Inbal Ravreby, a graduate student working in Professor Noam Sobel’s laboratory in Weizmann’s Brain Sciences Department, posited that humans, too, rely on their sense of smell when determining whether someone is a friend or foe, albeit discreetly.

“Nonhuman terrestrial mammals sniff themselves and each other to decide who is friend or foe. Humans also sniff themselves and each other, but the function of this is unknown,” the authors write.

Moreover, people, when socialising, lean towards becoming friends with others who share similar backgrounds, values, appearance, and even such measures as brain activity. Ravreby hypothesised that people, when subconsciously sniffing themselves and others, may be making subliminal evaluations, after which they selected those with similar body odours.

In order to test her hypothesis that people trust their sense of smell when forming friendships, Ravreby drafted same-sex nonromantic friends, click friends whose friendships had initially formed very quickly. She speculated that because such friendships emerge before the pair really knew each other in detail, they may be affected by physiological characteristics such as body odour.

Ravreby collected body odour samples from the click friends and carried out two sets of experiments to contrast the samples with those collected from random pairs of individuals.

In one set of the experiments, she made use of eNose to compare the chemical signatures of the odours. In the second set, she asked the pairs that she drafted to smell the two groups of body odour samples to determine similarities measured by human perception.

In both types of experiments, click friends were determined to smell significantly more like each other than did the individuals in the random pairs.

“[C]lick friends have greater similarity in body odour chemistry and in body odour perceived smell in comparison to random dyads,” the researchers write. 

“There are at least three alternative explanations for this: First, consistent with our hypothesis, this similarity may be related to the root causes of friendship. Second, and alternatively, this similarity may somehow be a consequence of long-term friendship, following common body odour–shaping experiences, eg, living in the same area, eating together, etc. Last, we acknowledge that this similarity may be related to some independent unknown factor and that this same unknown factor may, in turn, be driving friendship.”

To rule out the first two alternatives, they carried out another study in which they “tested whether similarity in body odour as determined by eNose can predict the quality of social interaction between complete strangers.” They had the strangers carry out a mirror game for two minutes without talking, then asked them how much they liked the other person.

The researchers wrote they “observed that dyads who reported clicking were significantly more chemically similar than dyads who did not report clicking” as measured by the eNose device. 

They also were able to predict which pairs would like each other with 71 percent accuracy when they fed the eNose data into a computational model.

The discussion section of the paper notes: “General similarity within a dyad is indeed a strong positive predictor of friendship, which acts at the very early phase of interaction.
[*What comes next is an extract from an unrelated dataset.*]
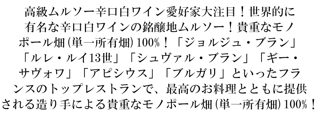 その言葉通り、彼女は毎年一定数のワインを販売せずに貯蔵し、ドメーヌのカーヴで熟成させてから販売しています。そしてそのバックヴィンテージは、「ジョルジュ・ブラン」「ランブロワジー」「ルレ・ルイ13世」「プレニチュード・シュヴァル・ブラン」「レストラン・ケイ」「ギー・サヴォワ」「アピシウス」「ブルガリ」といったフランスのトップレストランで、最高のお料理とともに提供されています。 | ![]() ■ぶどう品種:シャルドネ100% ■発酵・熟成:ステンレスタンクで発酵後、16-18ヶ月間熟成 ■樹齢:平均樹齢40年のVV ■土壌:石灰質主体の粘土石灰質土壌 希少!高級ブルゴーニュ辛口白ワイン愛好家大注目!高級ムルソー辛口白ワイン愛好家大注目!ミネラリーでリッチなテクスチャーで世界的に有名な辛口白ワインの銘醸地ムルソー! 平均樹齢40年のVVから採れるぶどうを使用し、石灰質主体の粘土石灰質土壌で栽培されている。収量は10-35hl/haと制限されており、ステンレスタンクで発酵後、16-18ヶ月間熟成させる。ドメーヌ・フランソワ・ゴヌーは、厳格なリュット・レゾネ栽培を行い、樽を一切使用せず、ぶどう本来の美味しさやミネラルを引き出している。花束のような芳香とハチミツのようなコク、美しい酸とミネラルが特徴の、洗練されたスタイルのワインであり、優良なテロワールを見事に体現した、秀逸なムルソー・モノポール畑の作品である。グレイト2020年ヴィンテージとして、限定少量で入荷している。 |

Here, we add the observation that body odour similarity may also support rapid friendship formation.”

“These results imply that, as the saying goes, there is chemistry in social chemistry,” Ravreby concludes.

Sobel clarifies: “This is not to say that we act like goats or shrews – humans likely rely on other, far more dominant cues in their social decision-making. Nevertheless, our study’s results do suggest that our nose plays a bigger role than previously thought in our choice of friends.”